Records excerpted from a collection:

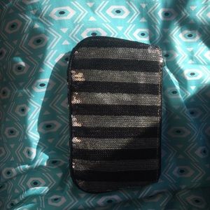 Black and silver sparkly wristlet. In great condition basically like new!!
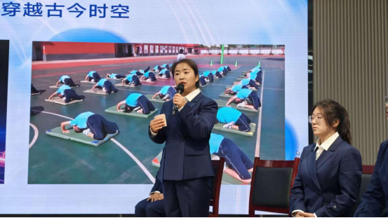 想象联通,激活身体无限可能。 吴春英老师则聚焦《仰卧推起成桥》这一技巧课,带来了“搭建穿越古今的彩虹桥”的融合教学构想。她以党建引领美育发展为抓手,引导学生展开情景想象,将身体练习与美学意境、历史畅想相结合,让枯燥的技巧训练变得充满诗意与创造力,充分践行了“五育并举”的育人要求。
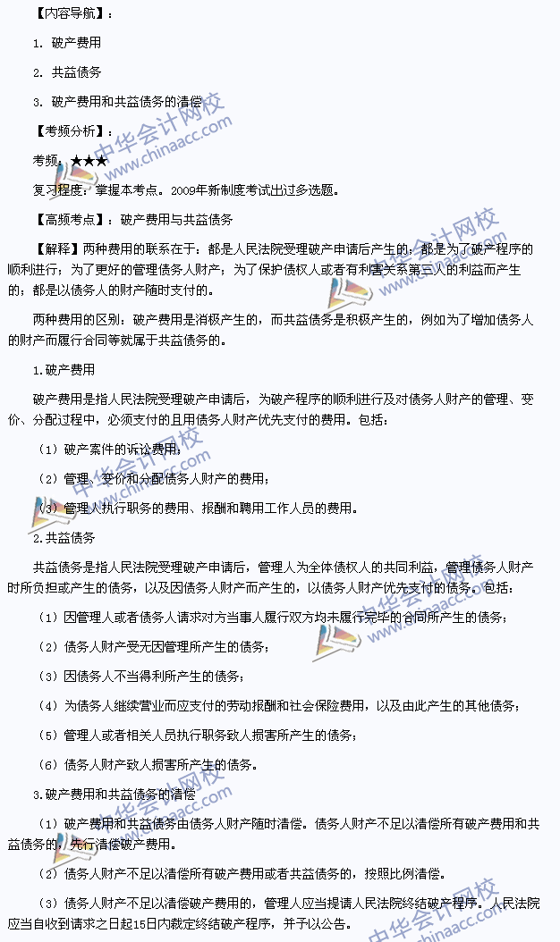 我们一起来学习2013注会考试《经济法》高频考点:破产费用与共益债务。本考点属于《经济法》第七章企业破产法律制度第四节债务人财产的内容。
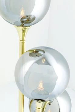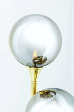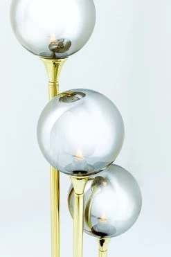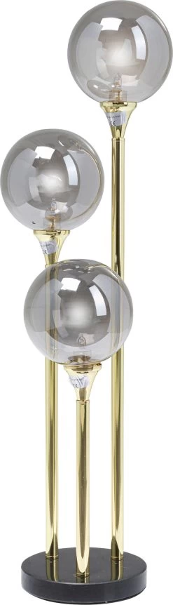 - Glamour auf edle Art und Weise: hochwertige Tischleuchte mit handgearbeitetem Marmorfuß und drei runden Schirmen aus getöntem Glas
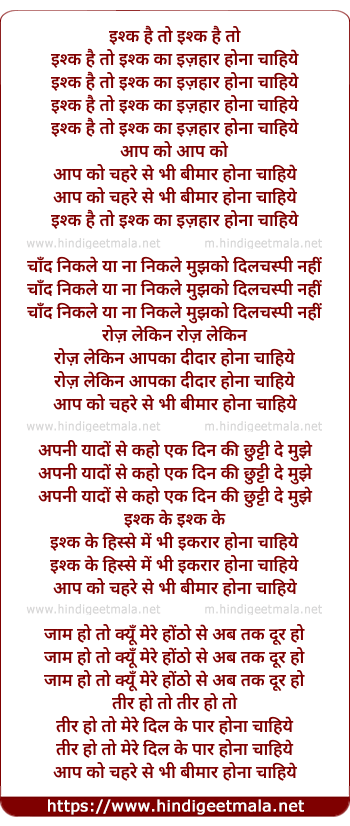 Lyrics of Ishq Hain To - इश्क है तो इश्क है तो
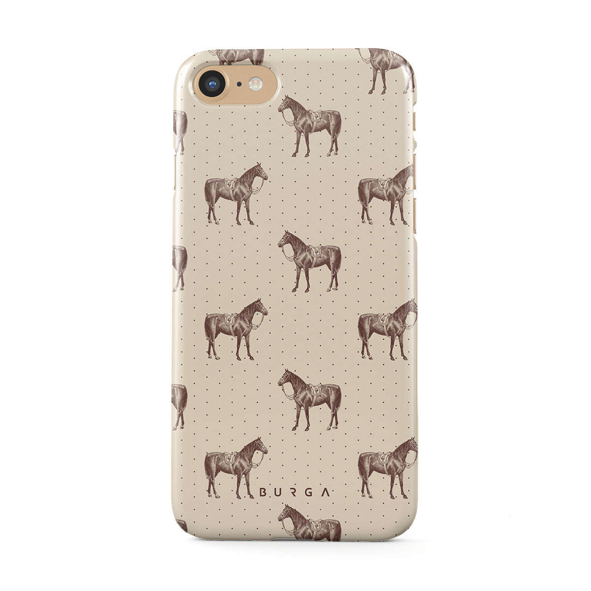 Life might feel like the Wild West sometimes, but your look can still be on point. With beautiful horses on a classic nude background, this iPhone SE (2020) phone case design is the one for those who ride free and stylish.
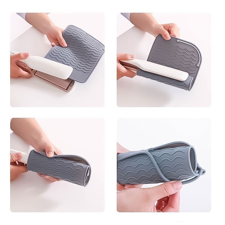 携帯便利で旅行や出張にも!ヘアアイロン用のシリコン製耐熱マットカバーです。
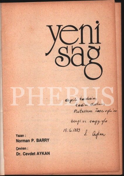 Çeviren Dr. Cevdet Aykan´dan Mükerrem Taşçıoğlu´ya ithaflı ve imzalı YENİ SAĞ, Norman P. Barry, Tisamat, Ankara - 1989, 230 sayfa, 14x20 cm
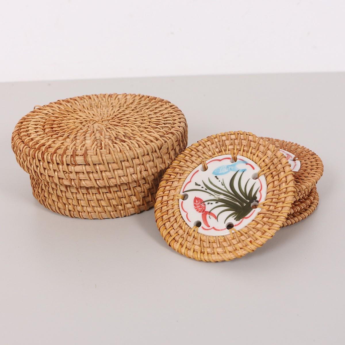 Rattan Altlık Çapı: 10 cm. Seramik çapı : 6 cm
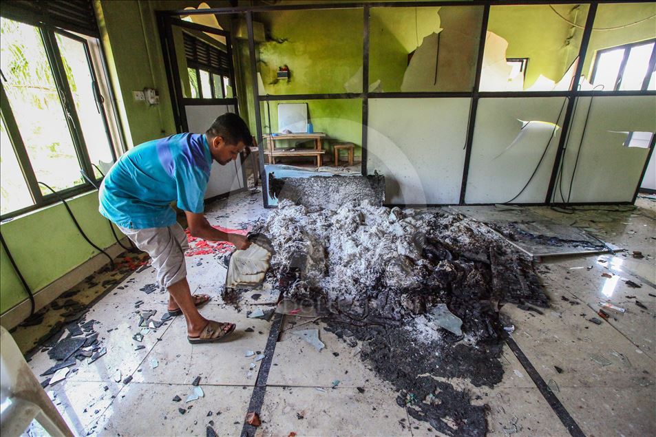 Sri Lanka'nın başkenti Colombo'nun kuzeyindeki Kurunegala Bölgesi'nde bulunan Hettipola kasabasında bir camiye saldırı düzenlendi. Camide büyük ölçüde hasar meydana geldi. ( Chamila Karunarathne - Anadolu Ajansı )Chamila Karunarathne
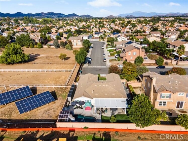 Welcome to this beautifully upgraded single-story home located in one of West Murrieta’s most desirable neighborhoods. This 4-bedroom, 2-bath property blends comfort, functionality, and modern upgrades throughout. The backyard was recently transformed with a brand-new Pebble Tec saltwater pool, artificial turf, and an oversized covered patio, perfect for relaxing or entertaining year-round. Inside, you’ll find an open and airy layout featuring a spacious family room with fireplace, dining area, and a chef’s kitchen complete with a large island, granite counters, stainless steel appliances, and custom cabinetry. Plantation shutters and recessed lighting add a touch of sophistication throughout the home. The primary suite offers a peaceful retreat with a soaking tub, separate shower, dual sinks, and a walk-in closet. Three additional bedrooms and a secondary bath with a walk-in shower provide plenty of space for family or guests. Additional highlights include Milgard dual-pane windows, water softener, rain gutters, ceiling fans, built-in garage cabinetry with workbench, epoxied garage floors with mini split system installed, great for a gym or hangout space, and an EV charger. The home is wheelchair accessible and features a widened driveway for added convenience. Enjoy the privacy and quiet of this well-kept community, just minutes from award-winning Murrieta schools, shopping, parks, and freeway access.
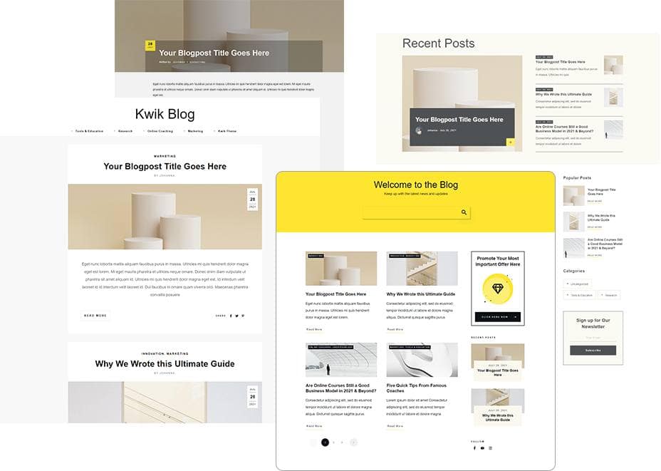 Kwik Theme comes with 11 jaw-dropping blog list design templates. Select from multiple list, grid or masonry layout options. Add feature images if you’d like (or don’t) and toggle on infinite scroll or pagination if that's how you [blog] roll. Design, customize and display a blog list page that will showcase your engaging content in the best light.
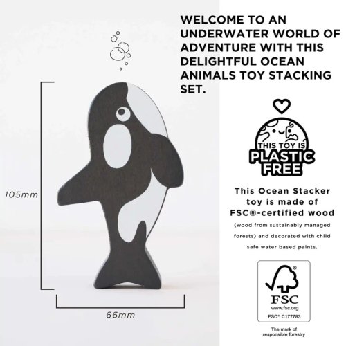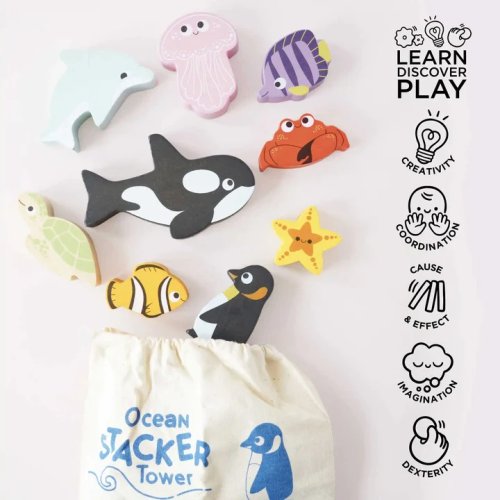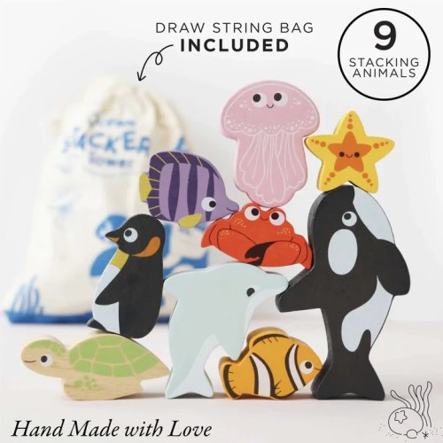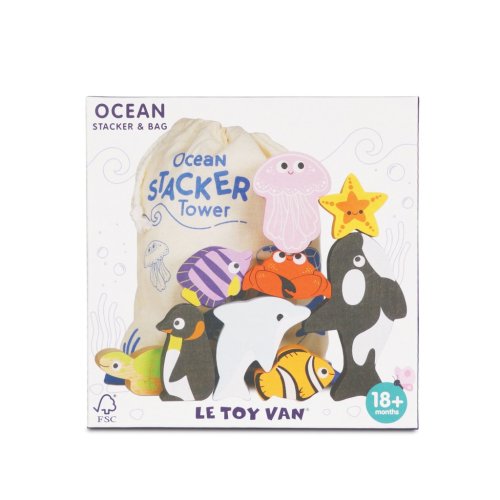 Vítejte v podmořském světě plném dobrodružství! Užijte si senzorickou zábavu se skládací věží podmořských zvířátek. Tuto udržitelnou hračku si zamilují i nejmenší děti, skládejte dílky na sebe a poté sledujte, jak padají. Malováno netoxickými barvami, které se neodlupují. Sada se skládá z 9 zvířecích dílků, které mají velikost tak akorát pro dětské ruce. Velryba, delfín, hvězdice, tučňák, mořská želva, medúza a další mořští přátelé. Děti získají nové poznatky o oceánu a jeho obyvatelích, zároveň si procvičí zručnost a tolik důležitou jemnou motoriku. Hračka je perfektní na cesty, dílky jsou zabaleny v bavlněném pytlíku. Tato hračka je bez obsahu plastu, cílem Le Toy Van je zbavit se veškerého plastu v obalových materiálech jejich hraček. Skládací věž děti inspiruje k učení formou hry, je vyrobena z odolných materiálů zkušenými řemeslníky, za použití etických praktik a udržitelných materiálů, které jsou laskavější k naší planetě. Vyrobeno z certifikovaného FSC dřeva, dekorováno barvami na bázi vody, které jsou bezpečné pro děti. Ocenění hračky: v balení bavlněný pytlík a 9 zvířátek z pevného dřevavyrobeno z FSC dřevabez obsahu plastutestováno dle nejpřísnějších standardůmalováno netoxickými barvami na bázi vodyzaoblené hranypodporuje při raném vývoji vhodné pro představivou hru Hlavní vlastnosti: Right Start Toy Award 2021The Veggie Award Finalist 2021

TASK TO COMPLETE:
Transcribe the entries from their first line to the line that holds "- Glamour auf", both included, and skip every picture.

EXPECTED ANSWER:
 Black and silver sparkly wristlet. In great condition basically like new!!
 想象联通,激活身体无限可能。 吴春英老师则聚焦《仰卧推起成桥》这一技巧课,带来了“搭建穿越古今的彩虹桥”的融合教学构想。她以党建引领美育发展为抓手,引导学生展开情景想象,将身体练习与美学意境、历史畅想相结合,让枯燥的技巧训练变得充满诗意与创造力,充分践行了“五育并举”的育人要求。
 我们一起来学习2013注会考试《经济法》高频考点:破产费用与共益债务。本考点属于《经济法》第七章企业破产法律制度第四节债务人财产的内容。
 - Glamour auf edle Art und Weise: hochwertige Tischleuchte mit handgearbeitetem Marmorfuß und drei runden Schirmen aus getöntem Glas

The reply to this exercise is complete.